At AlertPix we allow streamers to receive donations from their audience via Pix Instant Payment and show an alert on the live stream.

The whole product deals with real time, which means we need to ship features as fast as possible.

1 hour max

As engineers we are used to long development and deployment processes:

  • create feature branch
  • code
  • write tests
  • push code
  • open PR
  • wait for automated tests
  • wait for review
  • wait deploy to beta/stating env
  • wait validation
  • create PR to prod
  • wait for automated tests
  • wait for review
  • wait deploy to production

We are used to something like this. Having a separate development environment and a production one (some companies has more environments than this). Also needing to follow git flow and wait for peers and CI to do their job.
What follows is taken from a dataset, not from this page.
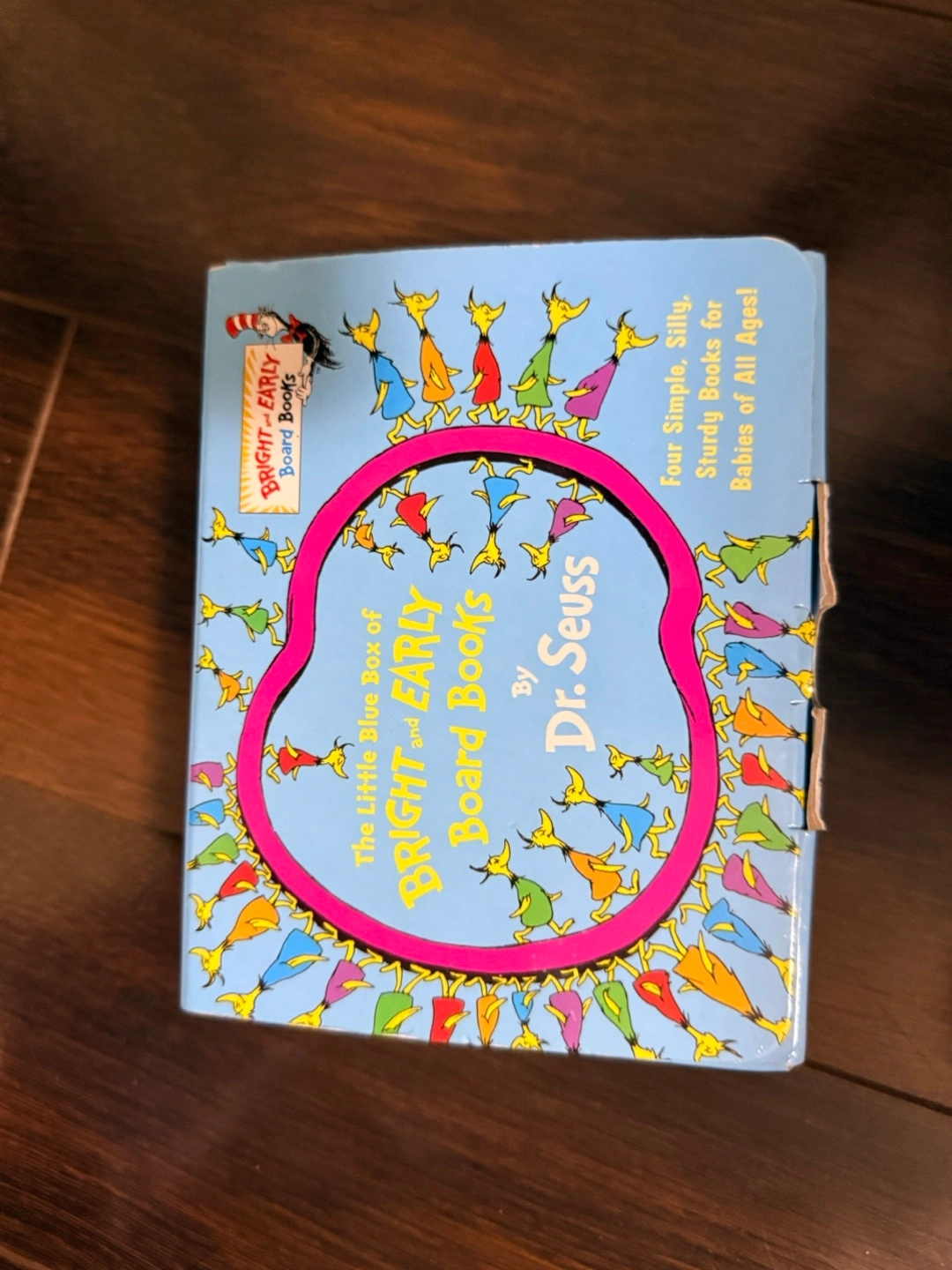 The Little Blue Boxed Set of 4 Bright and Early Board Books: Hop on Pop; Oh, the Thinks You Can Think!; Ten Apples Up On Top!; The Shape of Me and Other Stuff (https://a.co/d/0iDxI5va)
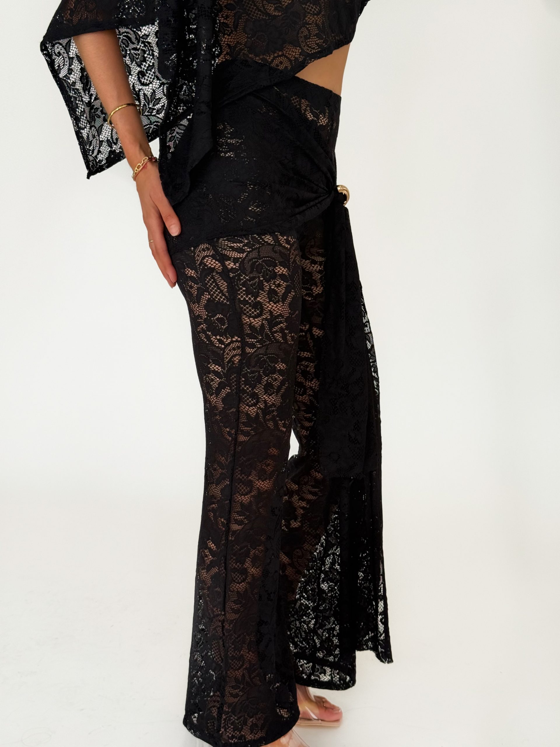 Made with our premium stretch lace, featuring luxe gold hardware and tie drape detailing.

But I think all these can be not only reduced but take 1 hour max.
Anything after that, means you are stuck into a problem or your feature is too big.

Research First: 20 minutes

The first 20 minutes should be dedicated solely for research. But if you already have some knowledge of what you're building, you can do it in less time.

The ideia here is to give some time to understand what you need to build, how to do it and the most important: how to code it in the next 40 minutes.

This step can't be skipped, even if you know the concepts. Because we should understand things before doing.

Now Code: 20 minutes

After the research process, its time to code the solution.

Don't over engineer.

Your solution should be simple and each piece of code should do one thing and one thing only.

Don't write tests or docs, just code the first version. It won't be perfect the first time, so do what works and move on to the next step.

Now Test: 20 minutes

Finally, you've reached the test phase. If you are a startup in the MVP or pre PMF phase you can skip this step and earn more 20 mins to code another feature.

But if you want to write tests, now is the time to do it.
We know that TDD tells us to write the tests before we write the code. But lets be real:

You only know what you will code while you are coding.

Tests come in last because you can test while you code. This phase is more if you need to have them to pass CI or a code review.
Also if you add tests, you garantee that you coded something that works.

At AlertPix this framework has been applied since day one, and every day we improve the product without having to wait.